Using static analysis, Piranha performs three key tasks: deleting the code immediately surrounding the feature flag API, deleting the code that becomes unreachable as a result of the previous step, and finally deleting any tests related to the flag. To execute Piranha, three inputs are required: the flag under consideration, the treatment behavior, and the owner of the flag.

For example, consider the following Java snippet containing a feature flag:

public class MyClass {
  private XPTest expt;
  ...
  public void foo() {
    if(expt.flagEnabled(TestExperimentName.SAMPLE_STALE_FLAG)) {
        System.out.println("Hello World");
    }
  }

  public void bar() {
    if(expt.flagDisabled(TestExperimentName.SAMPLE_STALE_FLAG)) {
        System.out.println("Hi World");
    }
  }
}

Calling Piranha with the following arguments will cause it to leave the treatment condition (where the feature is enabled) and remove the control condition (where the feature is not enabled):

options.errorprone.errorproneArgs << "-XepOpt:Piranha:FlagName=SAMPLE_STALE_FLAG"
options.errorprone.errorproneArgs << "-XepOpt:Piranha:IsTreated=true"
options.errorprone.errorproneArgs << "-XepOpt:Piranha:Config=config/piranha.properties"

This will prepare a diff to change the code as follows:

public class MyClass {
  private XPTest expt;
  ...
  public void foo() {
     System.out.println("Hello World");
  }


  public void bar() {
  }
}

When creating this tool, the Uber engineers observed three types of flag APIs: Boolean APIs, update APIs, and parameter APIs. Boolean APIs are ones that return a Boolean value as in the example above. Update APIs update the feature flag value in the running system. Finally parameter APIs return a non-Boolean primitive value to correspond to an experimental value controlled from the back end. Piranha only handles the first two types "as the engineering effort required to address them was much larger and the frequency of their occurrence in the codebase much lower".

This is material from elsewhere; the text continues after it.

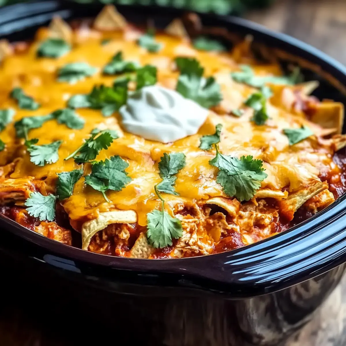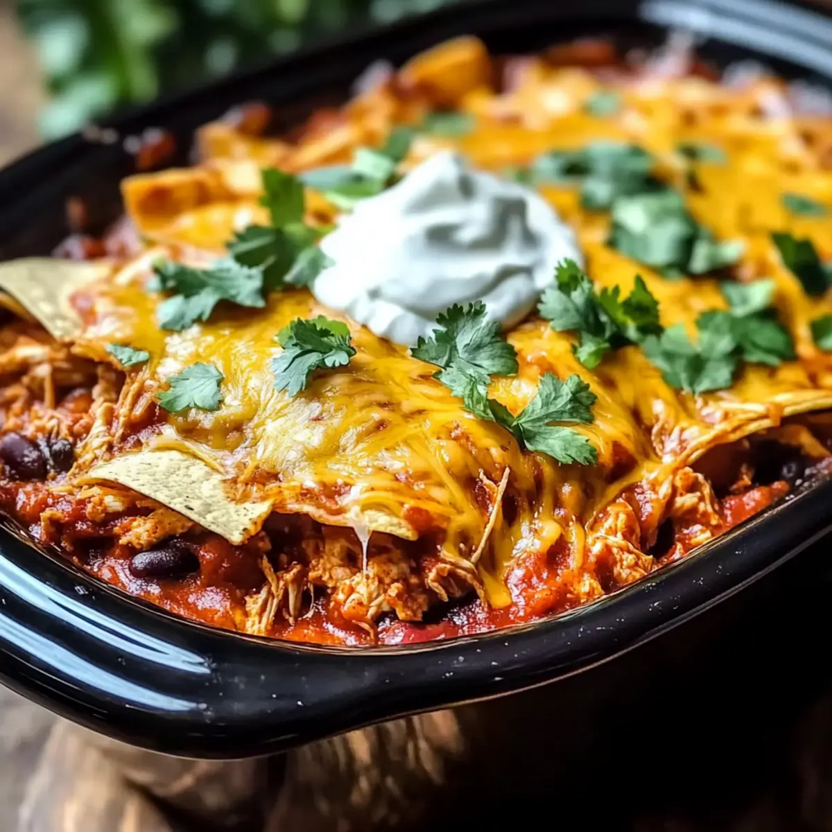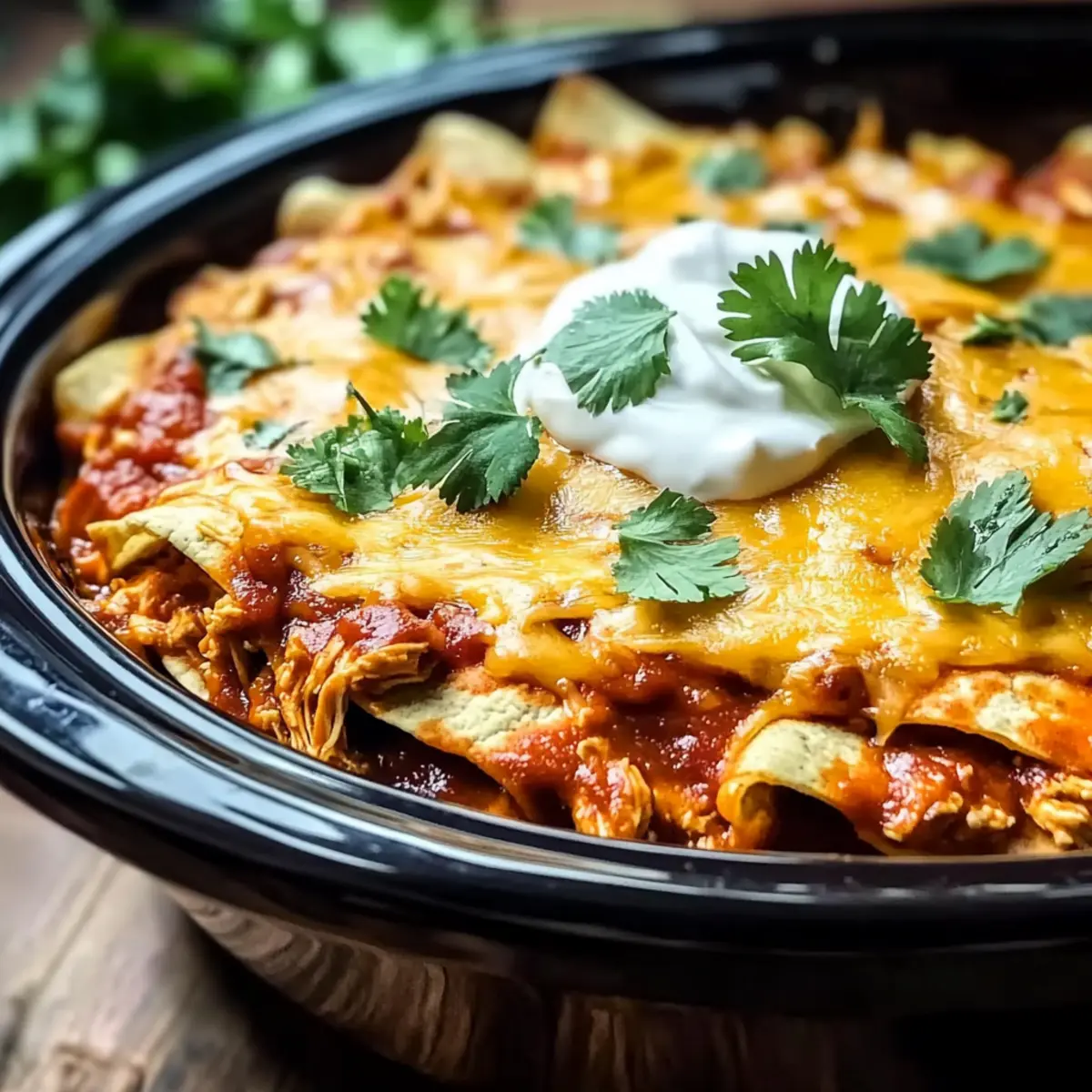 The tantalizing aroma of slow-cooked goodness wafts through my kitchen as the day winds down, and it instantly draws my family around the table. That’s the magic of my Crockpot Chicken Enchilada Casserole, an easy recipe that combines tender chicken, zesty enchilada sauce, and gooey cheese into a comforting meal perfect for busy weeknights. With minimal prep time—including the option to customize with your favorite veggies—this gluten-free dish is a total crowd-pleaser! The best part? You can set it and forget it, allowing those rich, hearty flavors to meld beautifully without demanding all your attention. Just imagine the smiles as you serve up warm, soothing portions, topped with fresh cilantro and a dollop of sour cream. Curious about how something so comforting can be so easy? Let’s dive into this irresistible recipe! Why is This Casserole a Must-Try? Effortless Preparation: Simply layer the ingredients in your slow cooker, giving you more time to relax while it cooks to perfection. Bold Flavors: The combination of zesty enchilada sauce and creamy cheese offers a deliciously rich experience that your taste buds will adore. Customizable Options: Want to make it vegetarian? Swap chicken for beans and veggies! Craving more spice? Add some cayenne or different cheese types for a bolder twist. Crowd-Pleasing Appeal: This dish brings everyone together for a comforting meal, making it perfect for family dinners or gatherings with friends. Meal Prep Friendly: Make it ahead of time and enjoy the convenience of having leftovers throughout the week or freeze for an easy meal later. Whether you’re also a fan of Cheesy Chicken Enchiladas or looking for something to pair with a fresh green salad, this Crockpot Chicken Enchilada Casserole is sure to delight! Crockpot Chicken Enchilada Casserole Ingredients • Get ready to cook up comfort! For the Casserole Chicken Breast – The star protein of this dish; can be replaced with ground turkey or beef for a different twist. Enchilada Sauce – It adds that signature flavor and moisture; feel free to use homemade or your favorite store-bought brand. Cheese – For maximum creaminess, a mixture of cheddar and Monterey Jack is highly recommended. Beans – Packed with fiber and protein; black beans or kidney beans make great substitutes. Tortillas – They provide essential structure; opt for gluten-free tortillas if needed to keep it fitting dietary restrictions. Bell Peppers/Zucchini (optional) – These add nutrition and color; consider using corn if you want a touch of sweetness instead. Smoked Paprika (optional) – It gives a nice depth of flavor; regular paprika works just as well in a pinch. For Serving Cilantro – Adds freshness that brightens every bite; optional, but definitely recommended! Sour Cream – A lovely creamy addition, balancing out the flavors beautifully—optional based on your preference. Step‑by‑Step Instructions for Crockpot Chicken Enchilada Casserole Step 1: Prep the Chicken and Veggies Begin by shredding 2-3 cooked chicken breasts using two forks until it’s easily pulled apart. If you’re adding vegetables like bell peppers or zucchini, chop them into bite-sized pieces. This step ensures your Crockpot Chicken Enchilada Casserole has a delightful mix of flavors and textures, providing a solid foundation for your layers. Step 2: Layer the Ingredients In your slow cooker, start layering by placing half of the gluten-free tortillas at the bottom. Top them with half of the shredded chicken, followed by half of the enchilada sauce, a can of beans, and a generous layer of cheese. This layering process builds the rich flavor profile of your casserole, creating hearty bites packed with goodness. Step 3: Repeat the Layering Process Now, repeat the layering with the remaining tortillas, chicken, enchilada sauce, beans, and cheese. Make sure to cover all layers evenly for consistent cooking. As the Crockpot Chicken Enchilada Casserole cooks, these ingredients will meld together beautifully, ensuring every scoop is deliciously satisfying. Step 4: Cook on Low Cover the slow cooker and set it to low heat for 5 hours. This gentle cooking allows the flavors to infuse while keeping the chicken tender and juicy. You’ll know it’s ready when the cheese is bubbling and slightly golden on top, signaling a beautifully cooked casserole waiting to be enjoyed. Step 5: Optional Crispy Finish For a delightful crispy top, consider transferring your casserole to an air fryer for an additional 5–10 minutes at 375°F. This optional step turns your Crockpot Chicken Enchilada Casserole into an irresistible dish with a crunchy crust that contrasts perfectly with the gooey filling below. Step 6: Serve and Garnish Once cooked, remove the lid and let it sit for a few minutes before serving. Dish out warm portions and top each with fresh cilantro and a dollop of sour cream, if desired. These garnishes elevate the flavors, providing a refreshing contrast to the hearty casserole—which makes each bite delightful! Make Ahead Options These Crockpot Chicken Enchilada Casserole components are perfect for meal prep, saving you time on busy weeknights! You can prep the shredded chicken, chopped vegetables, and layer the casserole up to 24 hours in advance. Simply place the assembled layers (tortillas, chicken, enchilada sauce, beans, and cheese) in the slow cooker insert and cover tightly. When you’re ready to cook, just plug in your slow cooker and set it to low for 5 hours. This method ensures that the flavors meld beautifully while maintaining the casserole’s delicious, gooey texture, making it taste just as fantastic as if it were freshly made. Enjoy the ease and convenience of a comforting meal without the last-minute rush! How to Store and Freeze Crockpot Chicken Enchilada Casserole Fridge: Transfer cooled leftovers to an airtight container. They can be stored in the refrigerator for up to 3-4 days, ensuring freshness for your next mea

Relying on teams to proactively run Piranha may still result in stale code not being cleaned on a regular basis. The team created a workflow pipeline to run Piranha on a regular cadence. In Uber's case Piranha runs weekly on their codebase. The pipeline also automatically generates tasks within Uber's task management system for tracking the created pull requests.

Piranha workflow to automatically generate a list of stale flags for review

Piranha workflow to automatically generate a list of stale flags for review (Source: Uber)

 

The Piranha pipeline queries their flag management system for a list of stale flags. Each team has the ability to set their own time frame for what stale means. Once triggered, Piranha will generate a pull request and assign it to the flag's original author. To ensure the work is handled, the team also created PiranhaTidy, a reminder bot, to periodically notify users about open Piranha related tasks.

Piranha is open source under the Apache 2.0 license. It currently supports Java, Swift, and Objective-C. There are open issues to add support for additional languages such as Kotlin, .NET, and JavaScript. The team will have a research paper on Piranha in the upcoming 42nd International Conference of Software Engineering.